### PROVIDED DATA
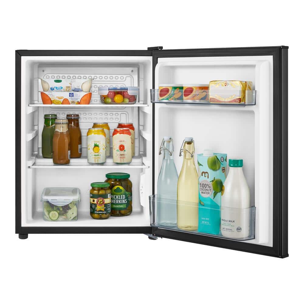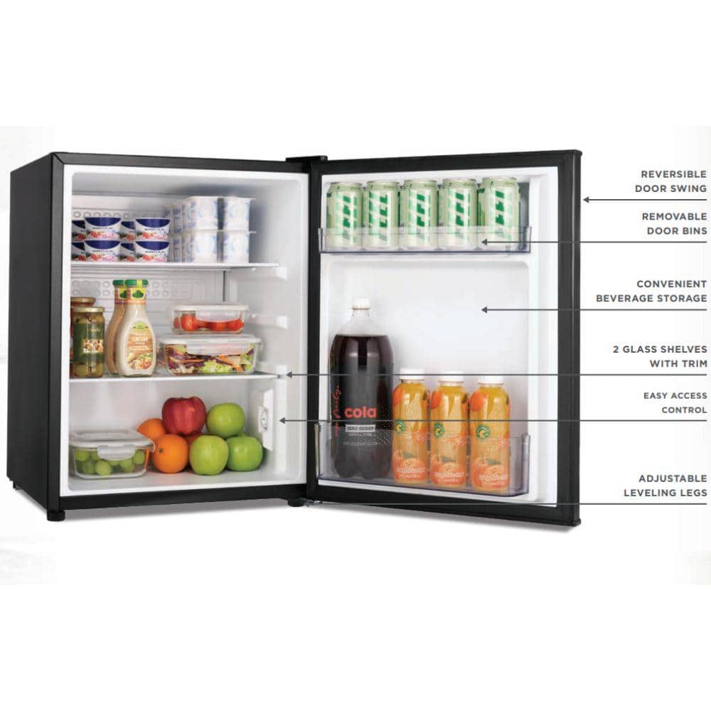 The Vissani 2.6 cu. ft. Mini Refrigerator has the storage options you're looking for. It is a freezer-less design which allows for more usable fresh food and drink storage capacity. The sleek appearance is matched by its well-designed interior, which includes a can holder to conveniently keep canned beverages in the door, while additional door shelves provide space for other frequently used items. Its 2-glass shelves are easy to clean, and the ENERGY STAR qualified design helps save on energy costs without sacrificing performance. Perfect compact size for use in dorm rooms, offices, basements, rec/playrooms, break rooms.
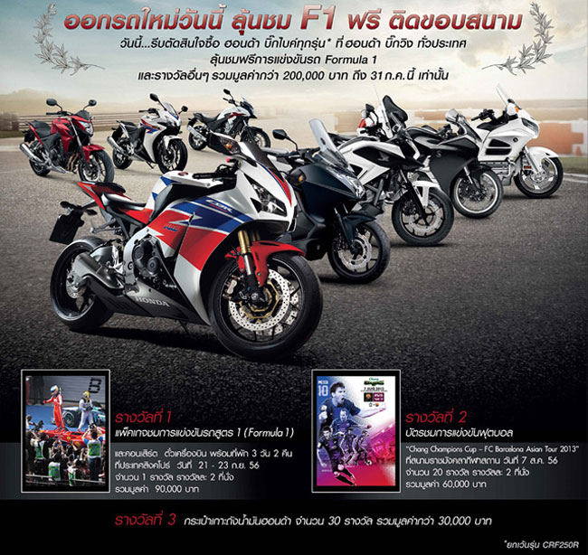 "นอกจากการทำโรดโชว์แล้ว ฮอนด้าบิ๊กวิงยังได้จัดแคมเปญพิเศษสุดสำหรับลูกค้าที่สนใจฮอนด้าบิ๊กไบค์นำเข้าทุกรุ่น ด้วยอัตราดอกเบี้ยต่ำสุด 0% หรือเลือกรับฟรีประกันภัยชั้น 1 ในกรณีชำระด้วยเงินสด ถือเป็นข้อเสนอพิเศษเพื่อให้ลูกค้าตัดสินใจง่ายขึ้น พร้อมกันนี้ ลูกค้าที่ออกรถใหม่กับเราภายใน 31 กรกฏาคม 2556 ยังจะได้ลุ้นแพคเกจชมการแข่งขันรถ Formula 1 ที่ประเทศสิงค์โปร์ เป็นเวลา 3 วัน 2 คืน จำนวน 2 ที่นั่ง หรือลุ้นรับรางวัลอื่นๆอีกมากมายอาทิ บัตรเข้าชมการแข่งขันฟุตบอลระหว่างบาร์เซโลน่ากับทีมชาติไทยจำนวน 40 ที่นั่ง เป็นต้น"
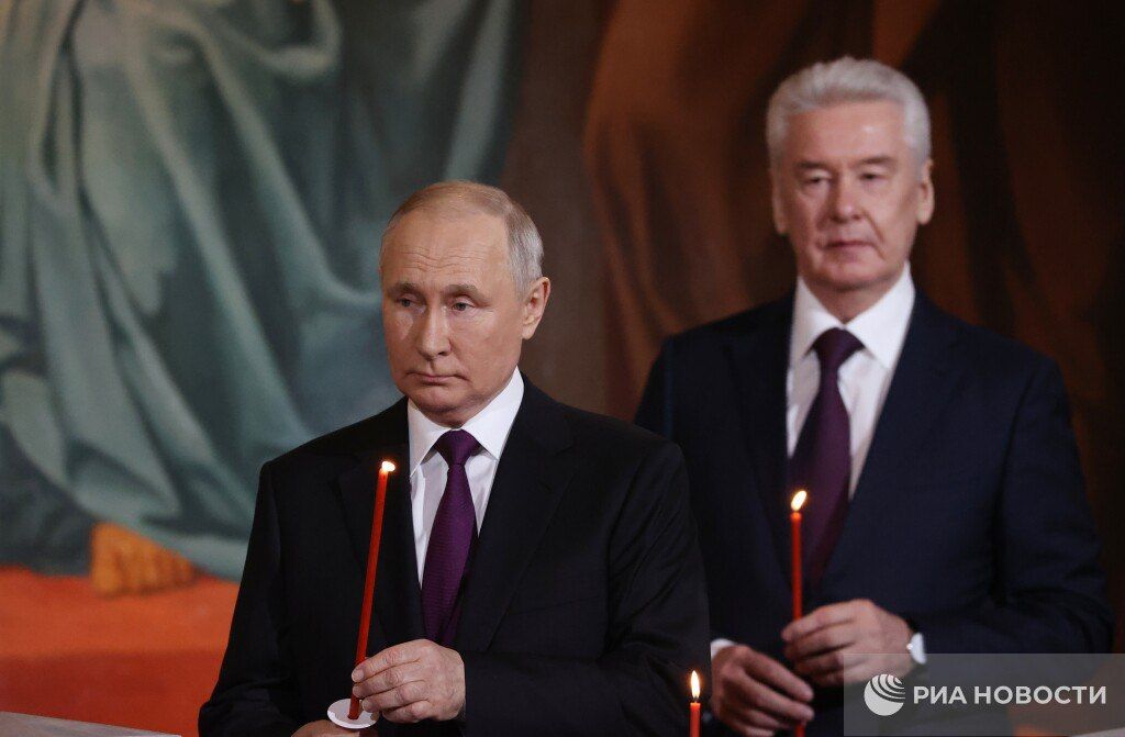 Як розповідають російські ЗМІ, Владімір Путін разом з мером Москви Сєргєєм Собяніним відвідали Великоднє богослужіння у храмі Христа Спасителя, передає 24 Канал. Демонстративним є момент, коли видно, як до церкви заходять попи та величезна кількість охорони. Чергова можливість побачити, що кривавий диктатор нікого і нічого не боїться.
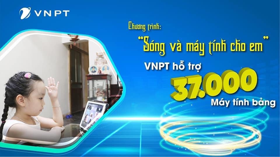 Mới đây tại lễ phát động chương trình “Sóng và máy tính cho em”, Đại diện VNPT cho biết sẽ tham gia hỗ trợ 37.000 máy tính bảng để giúp học sinh, sinh viên thuộc hộ nghèo, hộ cận nghèo tại các địa phương đang thực hiện giãn cách theo Chỉ thị số 16 triển khai học trực tuyến, bảo đảm không để học sinh nào “bị bỏ lại phía sau”.
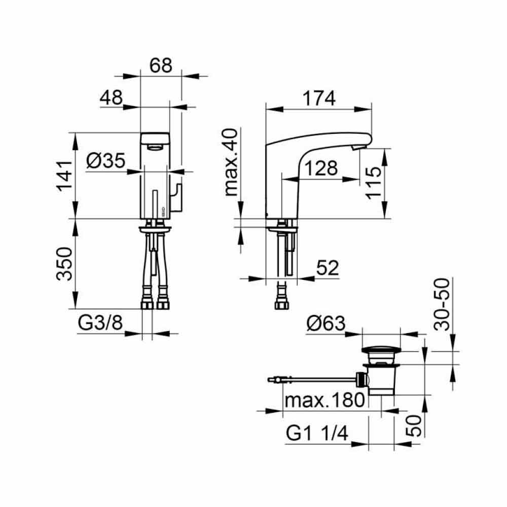 Modern bathroom sink tap made of brass with chrome finish and equipped with a practical infrared sensor .
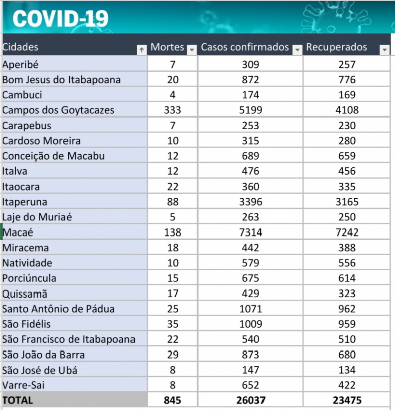 Os municípios do Norte e Noroeste Fluminense contabilizam, nesta sexta-feira (10), 845 mortes em decorrência do novo coronavírus, desde o início da pandemia. Nos 22 municípios, 26.037 casos de Covid-19 já foram registrados. Já o número de pacientes recuperados chega a 23.475.
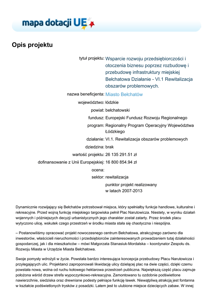 Opis projektu tytuł projektu: Wsparcie rozwoju przedsiębiorczości i otoczenia biznesu poprzez rozbudowę i przebudowę infrastruktury miejskiej Bełchatowa Działanie - VI.1 Rewitalizacja obszarów problemowych. nazwa beneficjenta: Miasto Bełchatów województwo: łódzkie powiat: bełchatowski fundusz: Europejski Fundusz Rozwoju Regionalnego program: Regionalny Program Operacyjny Województwa Łódzkiego działanie: VI.1. Rewitalizacja obszarów problemowych dziedzina: brak wartość projektu: 26 135 291.51 zł dofinansowanie z Unii Europejskiej: 16 800 854.94 zł ocena: sektor: rewitalizacja punktor projekt realizowany w latach 2007-2013 Dynamicznie rozwijający się Bełchatów potrzebował miejsca, który spełniałby funkcje handlowe, kulturalne i rekreacyjne. Przed wojną funkcję miejskiego targowiska pełnił Plac Narutowicza. Niestety, w wyniku działań wojennych i późniejszych decyzji urbanistycznych jego charakter został zatarty. Przez środek placu wytyczono ulicę, wskutek czego przestrzeń w środku miasta stała się chaotyczna i niespójna. – Postanowiliśmy opracować projekt nowoczesnego centrum Bełchatowa, atrakcyjnego zarówno dla inwestorów, właścicieli nieruchomości i przedsiębiorców zainteresowanych prowadzeniem tutaj działalności gospodarczej, jak i dla mieszkańców – mówi Małgorzata Stanasiuk-Mordalska – koordynator Zespołu ds. Rozwoju Miasta w Urzędzie Miasta Bełchatowa. Swoje pomysły wdrożyli w życie. Powstała bardzo interesująca koncepcja przebudowy Placu Narutowicza i przylegających ulic. Projektanci zaproponowali likwidację ulicy dzielącej plac na dwie części, dzięki czemu powstała nowa, wolna od ruchu kołowego hektarowa przestrzeń publiczna. Największą część placu zajmuje położona wśród drzew strefa wypoczynkowo-rekreacyjna. Zamontowano tu ozdobnie podświetlone nawierzchnie, siedziska oraz drewniane podesty pełniące funkcję ławek. Niewątpliwą atrakcją jest fontanna w kształcie podświetlonych trysków z posadzki. Latem jest to ulubione miejsce dziecięcych zabaw. W innej części skweru urządzono plac zabaw dla dzieci, a obok placyk do rekreacji osób starszych. Znajdują się tu szachownice terenowe i stoliki do gier. Z kolei plac przed Miejskim Centrum Kultury stanowi doskonałą przestrzeń do organizacji imprez kulturalnych, sportowych i promocyjnych. – Obserwujemy, że atrakcyjne centrum zachęca do inwestowania i mobilizuje właścicieli nieruchomości do większej dbałości o estetykę – mówi Małgorzata Stanasiuk-Mordalska. – Miasto im w tym pomaga, oferując zwolnienie z podatku od nieruchomości. Na terenie objętym programem rewitalizacji powstało już 11 nowych kamienic mieszkalnych z lokalami usługowymi, a właściciele starych budynków gruntownie wyremontowali 19 obiektów. Zwieńczeniem programu odnowy centrum Bełchatowa jest nowy budynek centrum kultury wraz z salą teatralną na 500 osób oraz ekspozycją „Giganty Mocy”. Przy użyciu multimediów zwiedzający mogą poznawać historię i teraźniejszość przemysłu górniczego i energetycznego.

### PROBLEM TO SOLVE
Set down the entire material verbatim, with each picture left out.

### RESPONSE TO THIS TASK
 The Vissani 2.6 cu. ft. Mini Refrigerator has the storage options you're looking for. It is a freezer-less design which allows for more usable fresh food and drink storage capacity. The sleek appearance is matched by its well-designed interior, which includes a can holder to conveniently keep canned beverages in the door, while additional door shelves provide space for other frequently used items. Its 2-glass shelves are easy to clean, and the ENERGY STAR qualified design helps save on energy costs without sacrificing performance. Perfect compact size for use in dorm rooms, offices, basements, rec/playrooms, break rooms.
 "นอกจากการทำโรดโชว์แล้ว ฮอนด้าบิ๊กวิงยังได้จัดแคมเปญพิเศษสุดสำหรับลูกค้าที่สนใจฮอนด้าบิ๊กไบค์นำเข้าทุกรุ่น ด้วยอัตราดอกเบี้ยต่ำสุด 0% หรือเลือกรับฟรีประกันภัยชั้น 1 ในกรณีชำระด้วยเงินสด ถือเป็นข้อเสนอพิเศษเพื่อให้ลูกค้าตัดสินใจง่ายขึ้น พร้อมกันนี้ ลูกค้าที่ออกรถใหม่กับเราภายใน 31 กรกฏาคม 2556 ยังจะได้ลุ้นแพคเกจชมการแข่งขันรถ Formula 1 ที่ประเทศสิงค์โปร์ เป็นเวลา 3 วัน 2 คืน จำนวน 2 ที่นั่ง หรือลุ้นรับรางวัลอื่นๆอีกมากมายอาทิ บัตรเข้าชมการแข่งขันฟุตบอลระหว่างบาร์เซโลน่ากับทีมชาติไทยจำนวน 40 ที่นั่ง เป็นต้น"
 Як розповідають російські ЗМІ, Владімір Путін разом з мером Москви Сєргєєм Собяніним відвідали Великоднє богослужіння у храмі Христа Спасителя, передає 24 Канал. Демонстративним є момент, коли видно, як до церкви заходять попи та величезна кількість охорони. Чергова можливість побачити, що кривавий диктатор нікого і нічого не боїться.
 Mới đây tại lễ phát động chương trình “Sóng và máy tính cho em”, Đại diện VNPT cho biết sẽ tham gia hỗ trợ 37.000 máy tính bảng để giúp học sinh, sinh viên thuộc hộ nghèo, hộ cận nghèo tại các địa phương đang thực hiện giãn cách theo Chỉ thị số 16 triển khai học trực tuyến, bảo đảm không để học sinh nào “bị bỏ lại phía sau”.
 Modern bathroom sink tap made of brass with chrome finish and equipped with a practical infrared sensor .
 Os municípios do Norte e Noroeste Fluminense contabilizam, nesta sexta-feira (10), 845 mortes em decorrência do novo coronavírus, desde o início da pandemia. Nos 22 municípios, 26.037 casos de Covid-19 já foram registrados. Já o número de pacientes recuperados chega a 23.475.
 Opis projektu tytuł projektu: Wsparcie rozwoju przedsiębiorczości i otoczenia biznesu poprzez rozbudowę i przebudowę infrastruktury miejskiej Bełchatowa Działanie - VI.1 Rewitalizacja obszarów problemowych. nazwa beneficjenta: Miasto Bełchatów województwo: łódzkie powiat: bełchatowski fundusz: Europejski Fundusz Rozwoju Regionalnego program: Regionalny Program Operacyjny Województwa Łódzkiego działanie: VI.1. Rewitalizacja obszarów problemowych dziedzina: brak wartość projektu: 26 135 291.51 zł dofinansowanie z Unii Europejskiej: 16 800 854.94 zł ocena: sektor: rewitalizacja punktor projekt realizowany w latach 2007-2013 Dynamicznie rozwijający się Bełchatów potrzebował miejsca, który spełniałby funkcje handlowe, kulturalne i rekreacyjne. Przed wojną funkcję miejskiego targowiska pełnił Plac Narutowicza. Niestety, w wyniku działań wojennych i późniejszych decyzji urbanistycznych jego charakter został zatarty. Przez środek placu wytyczono ulicę, wskutek czego przestrzeń w środku miasta stała się chaotyczna i niespójna. – Postanowiliśmy opracować projekt nowoczesnego centrum Bełchatowa, atrakcyjnego zarówno dla inwestorów, właścicieli nieruchomości i przedsiębiorców zainteresowanych prowadzeniem tutaj działalności gospodarczej, jak i dla mieszkańców – mówi Małgorzata Stanasiuk-Mordalska – koordynator Zespołu ds. Rozwoju Miasta w Urzędzie Miasta Bełchatowa. Swoje pomysły wdrożyli w życie. Powstała bardzo interesująca koncepcja przebudowy Placu Narutowicza i przylegających ulic. Projektanci zaproponowali likwidację ulicy dzielącej plac na dwie części, dzięki czemu powstała nowa, wolna od ruchu kołowego hektarowa przestrzeń publiczna. Największą część placu zajmuje położona wśród drzew strefa wypoczynkowo-rekreacyjna. Zamontowano tu ozdobnie podświetlone nawierzchnie, siedziska oraz drewniane podesty pełniące funkcję ławek. Niewątpliwą atrakcją jest fontanna w kształcie podświetlonych trysków z posadzki. Latem jest to ulubione miejsce dziecięcych zabaw. W innej części skweru urządzono plac zabaw dla dzieci, a obok placyk do rekreacji osób starszych. Znajdują się tu szachownice terenowe i stoliki do gier. Z kolei plac przed Miejskim Centrum Kultury stanowi doskonałą przestrzeń do organizacji imprez kulturalnych, sportowych i promocyjnych. – Obserwujemy, że atrakcyjne centrum zachęca do inwestowania i mobilizuje właścicieli nieruchomości do większej dbałości o estetykę – mówi Małgorzata Stanasiuk-Mordalska. – Miasto im w tym pomaga, oferując zwolnienie z podatku od nieruchomości. Na terenie objętym programem rewitalizacji powstało już 11 nowych kamienic mieszkalnych z lokalami usługowymi, a właściciele starych budynków gruntownie wyremontowali 19 obiektów. Zwieńczeniem programu odnowy centrum Bełchatowa jest nowy budynek centrum kultury wraz z salą teatralną na 500 osób oraz ekspozycją „Giganty Mocy”. Przy użyciu multimediów zwiedzający mogą poznawać historię i teraźniejszość przemysłu górniczego i energetycznego.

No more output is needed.